_INPUT DATA_
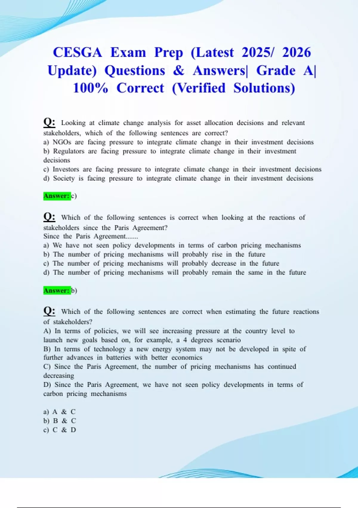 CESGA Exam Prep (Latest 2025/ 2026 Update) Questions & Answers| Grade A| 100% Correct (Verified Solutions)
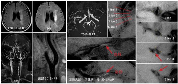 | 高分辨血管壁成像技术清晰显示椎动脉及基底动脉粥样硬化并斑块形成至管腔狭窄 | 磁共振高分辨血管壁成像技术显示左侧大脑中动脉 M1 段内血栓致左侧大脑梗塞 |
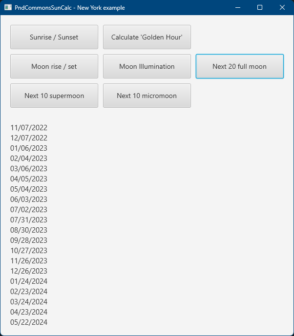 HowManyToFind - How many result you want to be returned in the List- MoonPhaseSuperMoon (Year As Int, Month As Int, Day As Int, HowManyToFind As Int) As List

_EXERCISE REQUIREMENTS_
All lines from the one holding "M1 段内血栓致左侧大脑梗塞 |" to the end of the listing above need to be duplicated exactly. None of the pictures should be included.

_TASK OUTPUT_
 | 高分辨血管壁成像技术清晰显示椎动脉及基底动脉粥样硬化并斑块形成至管腔狭窄 | 磁共振高分辨血管壁成像技术显示左侧大脑中动脉 M1 段内血栓致左侧大脑梗塞 |
 HowManyToFind - How many result you want to be returned in the List- MoonPhaseSuperMoon (Year As Int, Month As Int, Day As Int, HowManyToFind As Int) As List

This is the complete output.